All is not well in the private Russian army known as the Wagner Group, an adjunct to the regular Russian military. The billionaire owner of Wagner, Yevgeny Prigozhin, has been spouting off about supplies, especially ammunition, not going to his fighters.
Wagner troops are currently engaged around the key administrative hub of Bakhmut — of minor strategic importance. It’s not going particularly well. In fact, Prigozhin has been complaining bitterly about his men getting slaughtered for lack of air transport and ammunition.
According to Prigozhin, the Ministry of Defense and the chief of the General Staff gave orders not to supply the controversial private army with ammunition or assist it with air transport.
Prigozhin is a close confidant of Russian President Vladimir Putin, but Putin appears to be siding with the Ministry of Defense in this bureaucratic war. And that could be a major reason Prigozhin is running his mouth about “treason” being committed by top Russian military leaders.
“There is quite simply direct obstruction going on,” Prigozhin said in an audio statement published by the Concord Group, another of his companies.
“This can be equated with high treason,” he said, adding that because of the lack of ammunition, his men were “dying en masse.”
Prigozhin and the Ministry of Defense have clashed repeatedly in the past. In January, Prigozhin accused the Russian military of attempting to take credit for Wagner group victories in the conflict, claiming that his forces had captured the eastern Ukrainian salt-mining town of Soledar without any involvement from the Russian military.
The Ministry of Defense denied the charges.
In a statement, Russia’s Ministry of Defense denied “excited declarations” that ammunition had been held up for volunteers in “assault detachments” fighting around Bakhmut, and said priority had been given to making sure those groups were well equipped. The ministry did not identify whose declarations it was responding to.
It concluded: “Attempts to create a split in the tightknit machinery of cooperation and support between subdivisions of the Russian forces are counterproductive and only benefit the enemy.”
Prigozhin should be careful. Many people who have criticized the war effort have ended up taking the wrong step off a hotel balcony or suddenly died of undiagnosed heart disease.

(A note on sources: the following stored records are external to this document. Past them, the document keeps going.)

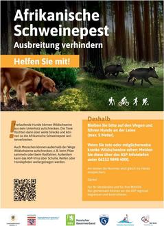 Um die Seuche wirksam zu bekämpfen, ist es wichtig, dass infizierte Wildschweine nicht beunruhigt werden – etwa durch freilaufende Hunde. Andernfalls könnten sie in Bereiche vertrieben werden, in denen bisher noch keine erkrankten Tiere vorhanden sind, und die Seuche immer weiter verschleppt werden. Auch Hunde können zur Verbreitung infizierten Materials beitragen, indem sie es mit ihren Pfoten beim Laufen verteilen. Die Leinenpflicht – die auch in den bebauten Teilen der Gemarkungen gilt – und die Begrenzung der Leinenlänge auf fünf Meter tragen dazu bei, dass Halterinnen und Halter ihren Hund stets in Sichtweite führen und somit eingreifen können, bevor ihr Hund sich einem Wildschwein oder Wildschweinkadaver nähert.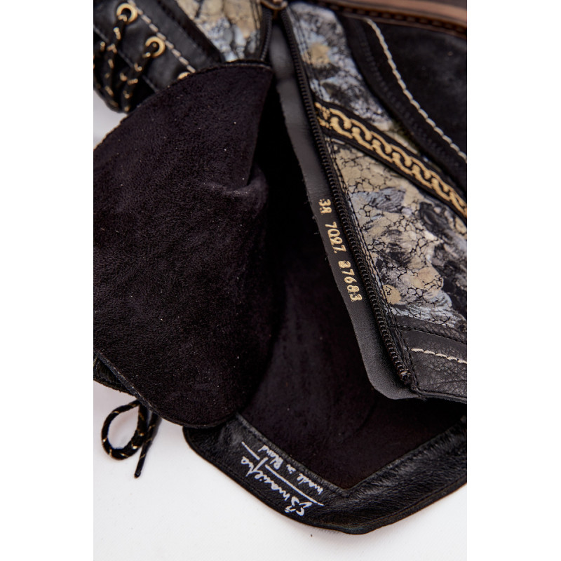 Moteriški Maciejka kulniukai yra išskirtinė pasiūlymas moterims, kurios mėgsta derinti komfortą su išskirtiniu stiliumi. Pagaminti iš natūralios odos, jie žavi elegantišku išvaizda ir patvarumu. Jų originalus viršus ir apgalvoti detalės suteikia jiems unikalų charakterį, leidžiantį išsiskirti bet kokiame įvaizdyje. Modelis turi tiek raištelius, tiek ir patogų užtrauktuką, kuris palengvina užsimaukšlinimą ir užtikrina tobulą prigludimą prie pėdos. Apvalios nosys prideda klasikinės elegancijos, o vidus, išklotas minkštu medžiagu, užtikrina šilumą ir patogumą šaltomis dienomis. Šie batai puikiai tinka kasdieniams stiliams, pabrėždami jūsų individualų stilių. Prašome atsižvelgti į dydžių lentelę renkantis dydį. Renkantis dydį, vadovaukitės dydžių lentele.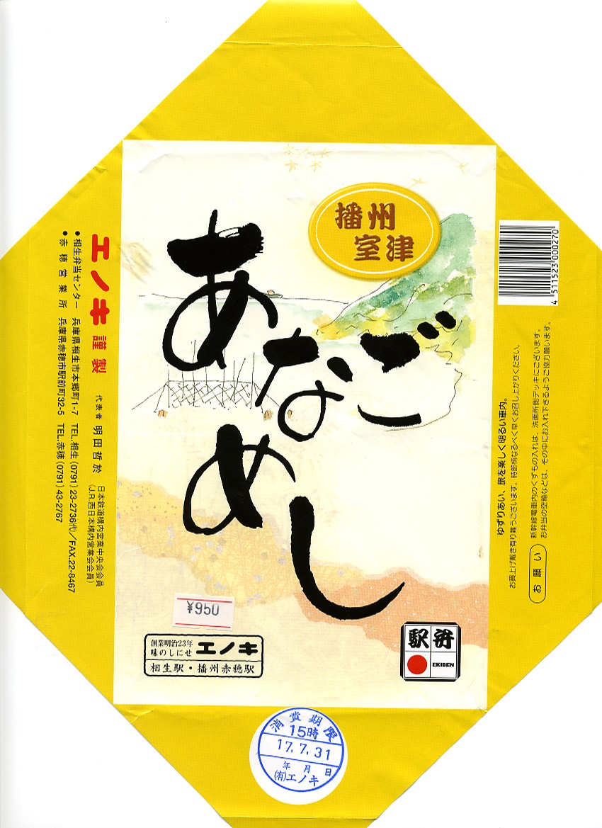 内部を十字に仕切った田の字型の正方形経木枠の容器を使用、木目のボール紙でふたをして、広重「山海見立相撲・室津図」風に室津の港を描いた掛紙をかけて紙ひもでしばる。中身は穴子飯、穴子鮨、穴子ちらしと穴子づくしで、デザートとしてフルーツと地元の銘菓を添える。

Putin may be engineering a defeat for Prigozhin in his failure to take Bakhmut or bleed Wagner dry of its best soldiers in the attempt. As loyal as Prigozhin might be, Putin has shown himself to be paranoid about any rivals for his power. And running a private army not under the Kremlin’s total control is an anomaly in the tightly controlled Russian hierarchy.
Putin may be trying to cut Wagner down to size by allowing him to bleed out in front of Bakhmut. To Putin’s way of thinking, the war won’t be won or lost with Wagner group cannon fodder dying for a non-strategic piece of ground around Bakhmut. And even Ukraine President Volodymyr Zelenskyy sees it that way.
“Yes, it is not a particularly big town,” Zelenskyy said of Bakhmut. “In fact, like many others in Donbas, (it’s been) devastated by the Russians,” Zelenskyy told Italian publication Corriere della Sera in an interview published Sunday, per Reuters.
“It is important for us to defend it, but not at any price and not for everyone to die,” he added.
So Zelensky also wants to bleed the Wagner group in front of Bakhmut. No wonder Prigozhin is angry.